Plus, I was in my twenties—in that decade when most of us have to figure out who we are. I decided to hike the PCT to save myself—not to be changed into someone new, but rather to find the way back to who I knew I most truly was inside. When I began writing Wild years after my hike, I realized that in telling this story of my own transformation and growth on the trail, I was telling a timeless story of how we are transformed when we step outside the comfort zone. I think this is one reason so many people related to the book. They related to my struggles and my suffering. They saw their own transformations and growth in mine.

BRO: Would you change anything if you could go back in time? CS: That’s always a hard question because it’s always yes and no, right? On one hand, for example, it would have been better if I’d worn boots that fit me properly, so I wouldn’t have had to endure the pain I did (in the form of many blisters and six toenails). On the other hand, I learned so much by having made that painful mistake. I learned how to keep going, even when it hurt, which is a lesson that’s helped me through many things, not only on the PCT.

BRO: Do you expect to continue recording Sugar Calling? CS: Probably not. It was always meant to be a short series. I loved doing it, but I’m a writer first and foremost and so I had to set podcasting aside for now so I could focus on my writing.
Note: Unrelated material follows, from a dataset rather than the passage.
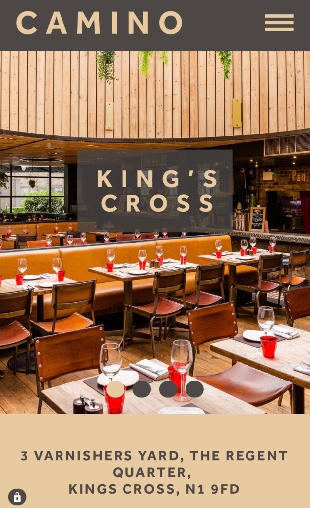We decided to try out Camino for the very simple reason that it has a branch at King’s Cross, and we needed to be close to the station that evening.

BRO: What kind of projects are you working on right now? CS: I’m working on my next book and I also recently completed a screenplay.

Where do you hope you and Wild will be in 2032? CS: I hope I’ll still be writing and hiking. I live in Portland, Oregon, and one reason I love this city is that there are so many great hiking trails nearby, but by 2032 I’d like to be living somewhere less urban, somewhere more wild, somewhere with a hiking trail that leads to my yard.